Ben poche, con la normativa rigida di cui si era dotato il nostro Paese; e poche anche con le norme attualmente vigenti. Ed allora, le conclusioni sono facili da trarre.
Siamo andati avanti per decenni con interventi edilizi tampone, causa anche di parte dell’abusivismo. Come dice il proverbio, peggio il rimedio del male.
Nelle polemiche si dice: mancano un’analisi, una mappature ed un monitoraggio dei rischi naturali, idrologici e geologici ; manca una
definizione di piani sistematici di gestione delle emergenze in caso di disastri naturali e via dicendo.
Ma, considerando lo stato della legislazione nazionale in materia, manca ben altro. Manca una normativa unitaria addirittura in tema di principi fondamentali: conseguenza della incapacita’ della politica di conciliare la cultura con l’economia.
Solo da pochi mesi abbiamo un regolamento edilizio tipo, le cui norme valgono per tutto il territorio nazionale, ed i Comuni stanno adeguandovisi gradualmente.
Oggi la situazione italiana e’ a macchia di leopardo. In assenza di leggi nazionali ogni regione legifera a modo suo.
Servono una legge nazionale sul regime dei suoli, che disciplini il diritto di costruire codificandone i principi, ed una legge sul consumo del suolo, che tenga conto della peculiarita’ della situazione italiana.
Leggi che siano ispirate ai principi di razionalita’, economicita’, liberta’ individuale, prestazionalita’ e funzionalita’ delle strutture edilizie; che favoriscano i processi di rigenerazione urbana.
Che fissino le norme per disciplinare gli interessi legittimi ed i diritti soggettivi in relazione alla pianificazione territoriale (Jus aedificandi ) e istituiscano il principio di perequazione
obbligatoria nelle aree di espansione; con la facolta’ di traslazione dei diritti edificatori o volumetrici all’intermo di ambiti territoriali omogenei.
Che risolvano la dicotomia tra piani non conformativi e piani conformativi, ad esempio in relazione alla zonizzazione funzionale o alla attribuzione degli indici edificatori o volumetrici.

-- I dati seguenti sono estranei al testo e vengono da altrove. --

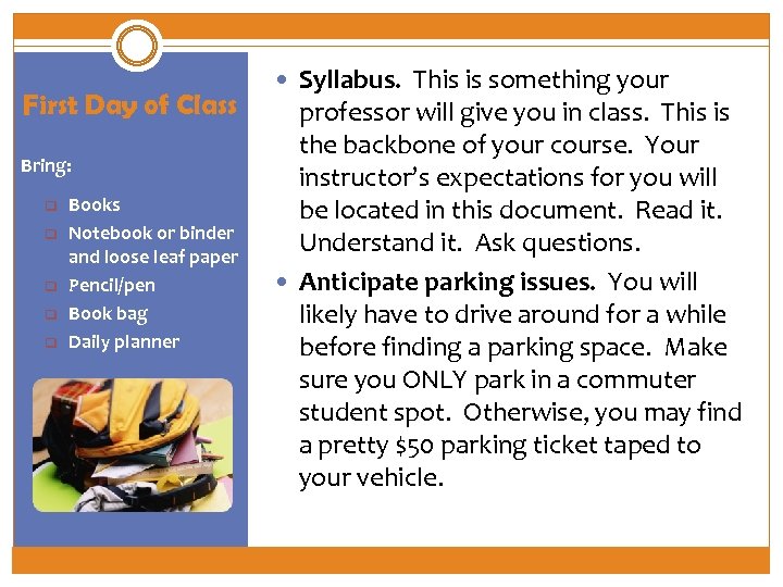 First Day of Class Bring: q q q Books Notebook or binder and loose leaf paper Pencil/pen Book bag Daily planner Syllabus. This is something your professor will give you in class. This is the backbone of your course. Your instructor’s expectations for you will be located in this document. Read it. Understand it. Ask questions. Anticipate parking issues. You will likely have to drive around for a while before finding a parking space. Make sure you ONLY park in a commuter student spot. Otherwise, you may find a pretty $50 parking ticket taped to your vehicle.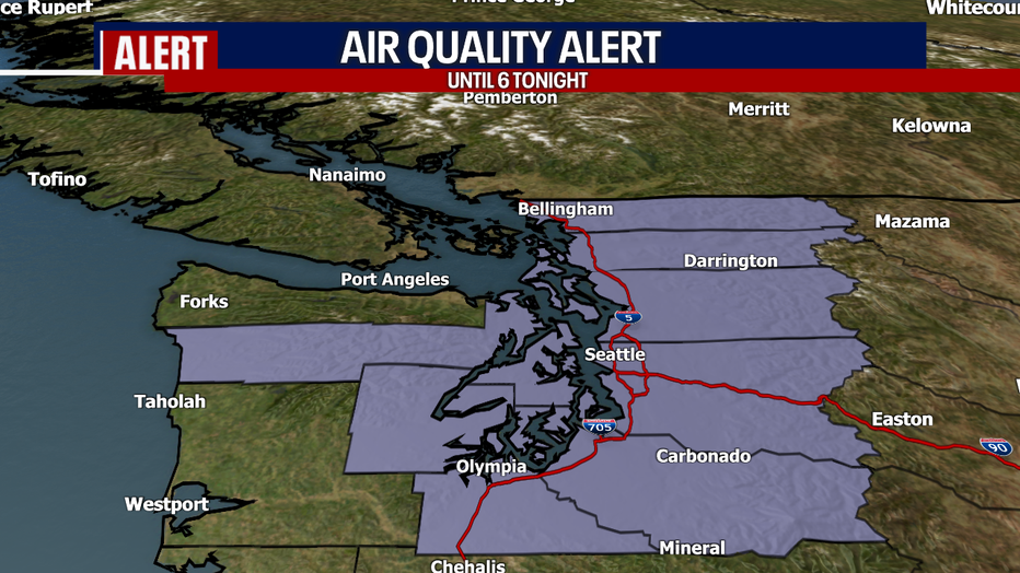 SEATTLE - Air quality remains poor around the North Sound region today, but we're already seeing improving conditions for Central and South Puget Sound. Smoke will clear for much of Puget Sound by Monday morning, but haze will continue for communities immediately surrounding wildfires (like the Bolt Creek Fire along the King/Snohomish County line).

E bisogna cominciare a pensare di superare il livello comunale ( che e’ storico convenzionale ) come parametro-scala per la pianificazione urbanistica.
Leggi dunque che mirino ad un effettivo rinnovamento del Paese alla luce della esigenza di competitivita’ internazionale.
E infine, last but not least, bisogna riflettere seriamente sulla massiccia presenza, nelle nostre realta’ urbane, del “condominio”, un soggetto che si sta dimostrando tra i meno reattivi di fronte alle esigenze di rinnovamento di paesi e citta’.